Yo estaba a punto de decirle grave, prudente, pero sinceramente:

«¿Cómo estás, Leland? Me alegro de volver a verte», pero nunca llegué a decirlo. La señora de las bolsas de plástico, que tenía una voz chillona y penetrante, gritó:

—¡Oh, Dios mío! ¡Walter F. Starbuck! ¿Eres tú realmente?

No intento siquiera reproducir su acento en letra impresa.

Pensé que estaba loca. Pensé que habría repetido como un loro cualquier nombre que Clewes hubiese decidido adjudicarme. Si él me hubiese dicho «Bumppious Q. Bangwhistle», estaba seguro de que habría gritado «¡Oh, Dios mío! ¡Bumppious Q. Bangwhistle! ¿Eres tú realmente?»

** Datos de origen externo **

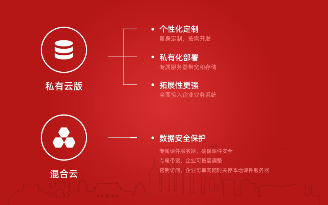 基于“每个企业都是一所大学”的愿景,魔学院为企业客户提供了针对不同规模的通用化、标准化产品,少则数十人、多则囊括百万人。同时,通过个性化配置、二次开发、开放平台、混合云和私有云技术,魔学院还兼顾企业个性化需求,提供更优培训服务方案。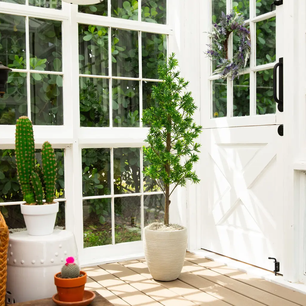 Enhance your outdoor or indoor space with this UV-resistant artificial podocarpus tree. Crafted from high-quality materials, this tall and slender tree boasts lifelike green foliage that adds a touch of elegance to any setting. Perfect for your patio, front porch, or even inside your home, this tree's UV-safe design ensures it will remain vibrant and beautiful, season after season. Standing at 6-Ft tall, whether you place it in a decorative planter by your front door or on your patio to complement your outdoor furniture, it'ss an effortless way to elevate your decor. Its sleek, modern shape makes it a versatile addition to both contemporary and traditional styles, while its low-maintenance nature means you can enjoy the beauty of nature without any hassle.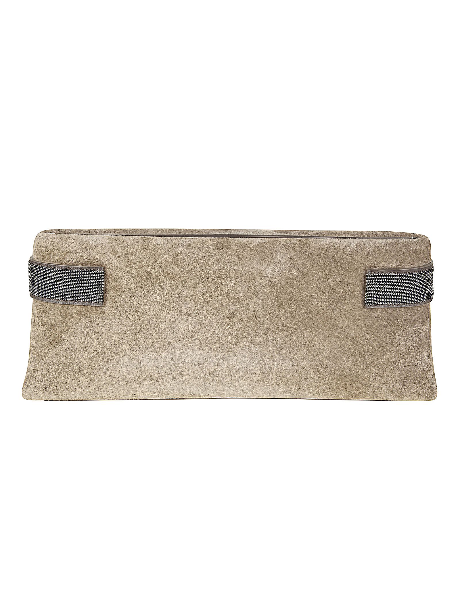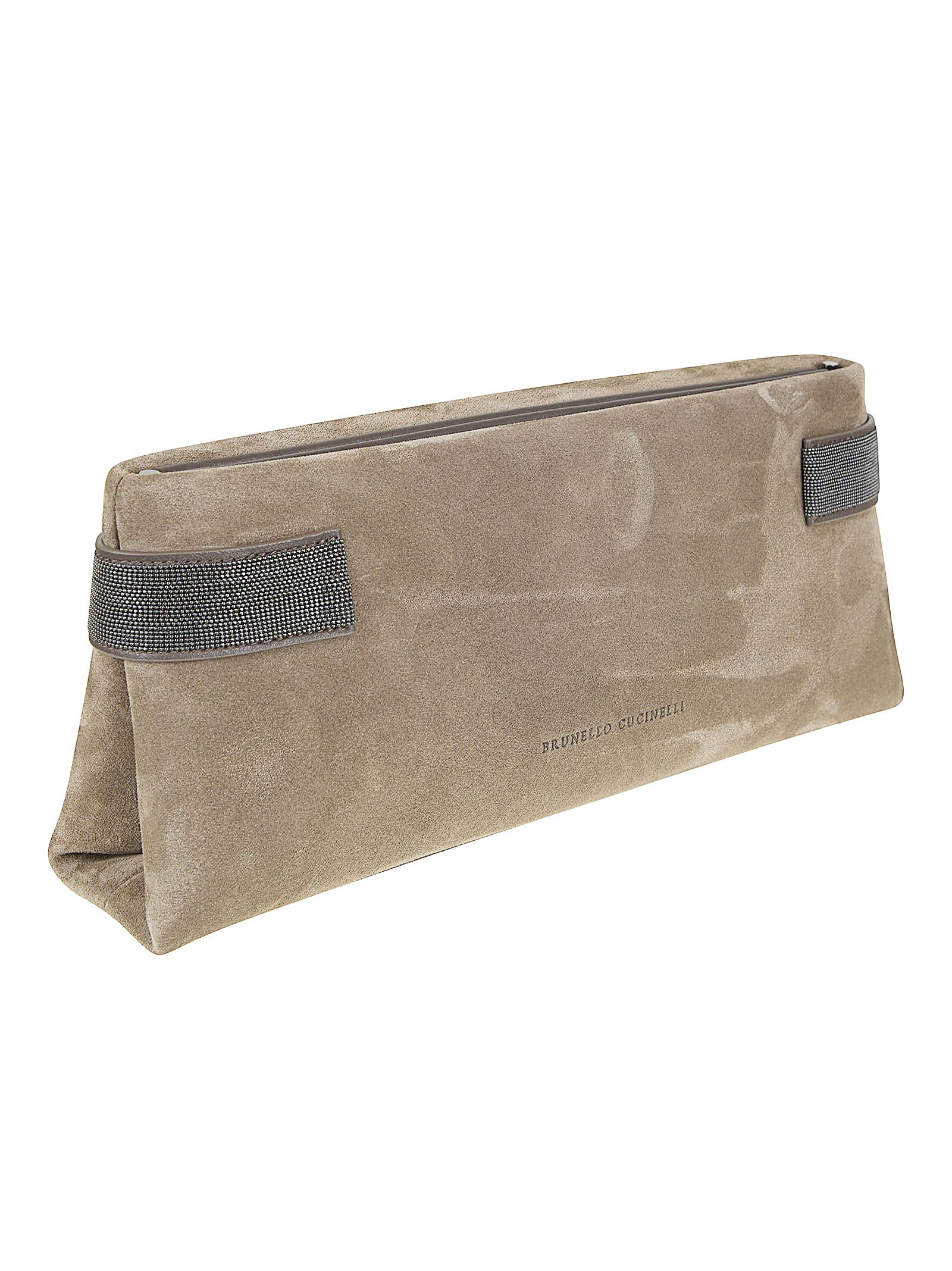 Borsa Pouch in camoscio di BRUNELLO CUCINELLI.Chiusura superiore con zip.Caratterizzata da applicazioni in monile Nickel-free.

Luego empezó a posar las bolsas de plástico apoyándolas en mis piernas, como si yo fuese una boca de riego oportuna. Tenía como seis bolsas, que yo más tarde examinaría con calma. Eran de las tiendas más caras de la ciudad: Henry Bendel, Tiffanys, Sloane’s, Bergdorf Goodman, Bloomingdale’s, Abercrombie & Fitch. Todas salvo la de Abercrombie & Fitch, por otra parte, que pronto entraría en quiebra, eran subsidiarias de la RAMJAC Corporation. En las bolsas llevaba andrajos, recogidos de cubos de basura. Sus posesiones más valiosas las llevaba en los playeros.

Intenté ignorarla. Aunque me inmovilizó con las bolsas, seguí mirando a Leland Clewes a la cara.

—Tienes muy buen aspecto —le dije.

—Me encuentro muy bien —dijo—. Y Sarah también está muy bien. Supongo que te alegrará saberlo.

—Claro que me alegra —dije—. Es una chica estupenda.

Sarah ya no era una chica, claro.

Clewes me explicó entonces que aún trabajaba algo de enfermera, aunque no jornada completa.

—Me alegro —dije.

Ante mi horror, sentí como si un vampiro repugnante se hubiese descolgado de los aleros de un edificio y hubiese aterrizado en mi muñeca. La señora de las bolsas de plástico me había agarrado con su sucia manecita.

—¿Es tu mujer? —dijo él.

—¿Mi qué? —dije yo.

Pensaba que me había hundido tanto que aquella espantosa vieja y yo formábamos pareja.

—¡Es la primera vez que la veo! —dije.

—¡Oh, Walter, Walter, Walter, Walter! —chilló ella—. ¿Cómo puedes decir una cosa así?

Le aparté la mano; pero en cuanto volví mi atención a Clewes, volvió a agarrarme la muñeca.

—Haz como si no existiera —dije—. Es un disparate. No tiene ninguna relación conmigo. No quiero que estropee este momento, que significa mucho para mí.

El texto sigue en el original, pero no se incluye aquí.